The combine_script is executed on each shard after document collection is complete and reduces all the transactions down to a single profit figure for each 
shard (by summing the values in the transactions array) which is passed back to the coordinating node:

Shard A::        50
Shard B::        120

===== After reduce_script

The reduce_script receives an `_aggs` array containing the result of the combine script for each shard:

[source,js]
--------------------------------------------------
"_aggs" : [
    50,
    120
]
--------------------------------------------------

It reduces the responses for the shards down to a final overall profit figure (by summing the values) and returns this as the result of the aggregation to 
produce the response:

[source,js]
--------------------------------------------------
{
    ...

    "aggregations": {
        "profit": {
            "value": 170
        }
   }
}
--------------------------------------------------

==== Other Parameters

[horizontal]
params::           Optional. An object whose contents will be passed as variables to the  `init_script`, `map_script` and `combine_script`. This can be 
                   useful to allow the user to control the behavior of the aggregation and for storing state between the scripts. If this is not specified, 
                   the default is the equivalent of providing:
+
[source,js]
--------------------------------------------------
"params" : {
    "_agg" : {}
}
--------------------------------------------------
reduce_params::    Optional.
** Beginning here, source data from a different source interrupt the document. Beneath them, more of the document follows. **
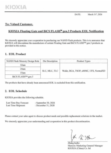 国际电子商情2日讯 从市场渠道获悉,2026年3月31日,存储芯片制造商铠侠(Kioxia)向客户发布最新停产通知,宣布将逐步退出传统浮栅式(Floating Gate)2D NAND闪存市场。
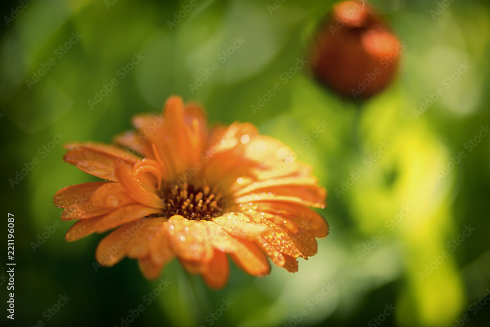 Bright summer background with growing flowers calendula, marigold.
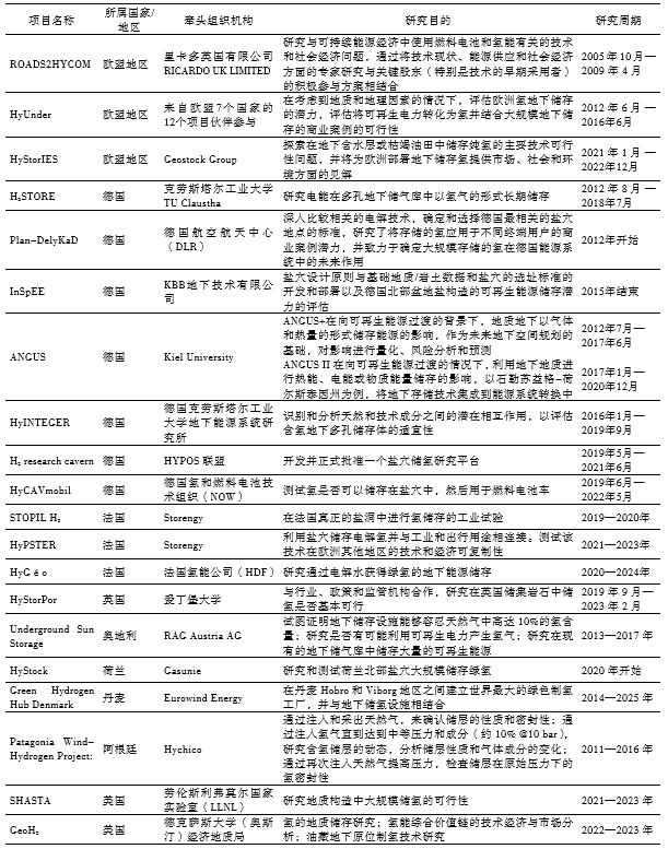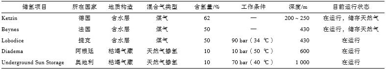 1979年美國天然氣技術(shù)研究院發(fā)表了地下儲氫研究報告,證實了其經(jīng)濟和技術(shù)上的可行性。1986年,根據(jù)Taylor等人研究,地下儲氫是最經(jīng)濟的儲氫方法。此外表1也展示一些項目研究證明其可行性。
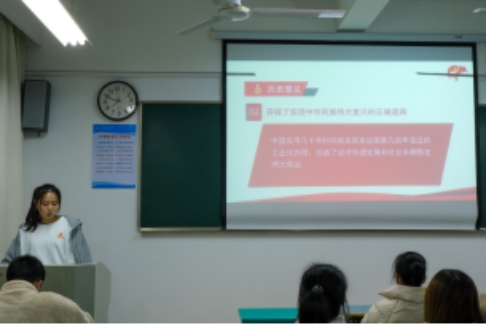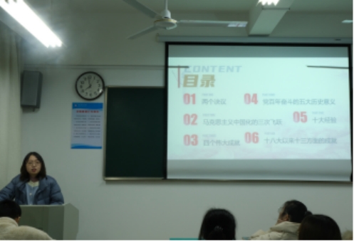 刘超愉老师系统详细地讲述了十九届六中全会中的两个决议,马克思主义中国化的三次飞跃,四个伟大成就:浴血奋战,百折不挠:创造看新民主主义革命的伟大成就;自力更生,奋发图强:创造了社会主义革命和建设的伟大成就;解放思想,锐意进取:创造了改革开放和社会主义现代化建设的伟大成就;自信自强,守正创新:创造了新时代中国特色社会主义的伟大成就。老师讲述了党的十九大的十大经验:坚持党的领导。 坚持人民至上,坚持理论创新,坚持独立目主,坚持中国道路,坚持胸怀天下,坚持开拓创新, 坚持敢于斗争,坚持统一战线,坚持自我革命。短短的60个字,十个坚持,这些经验是我们党引领中国未来的科学指引,是党和人民共间创进的精神财富,必须加倍珍措、长期坚持,并在新时代实践中不断丰富和发展。老师讲述了当时海大的核酸检测工作,在接到政府通知后,海大各个部门包括计划开展、人员培训、产地布置等在一个小时内完成,这就是海大速度,这就是中国共产党的速度。

An object whose contents will be passed as variables to the `reduce_script`. This can be useful to allow the user to control 
                   the behavior of the reduce phase. If this is not specified the variable will be undefined in the reduce_script execution.
lang::             Optional. The script language used for the scripts. If this is not specified the default scripting language is used.
init_script_file:: Optional. Can be used in place of the `init_script` parameter to provide the script using in a file.
init_script_id:: Optional. Can be used in place of the `init_script` parameter to provide the script using an indexed script.
map_script_file:: Optional. Can be used in place of the `map_script` parameter to provide the script using in a file.
map_script_id:: Optional. Can be used in place of the `map_script` parameter to provide the script using an indexed script.
combine_script_file:: Optional. Can be used in place of the `combine_script` parameter to provide the script using in a file.
combine_script_id:: Optional. Can be used in place of the `combine_script` parameter to provide the script using an indexed script.
reduce_script_file:: Optional. Can be used in place of the `reduce_script` parameter to provide the script using in a file.
reduce_script_id:: Optional. Can be used in place of the `reduce_script` parameter to provide the script using an indexed script.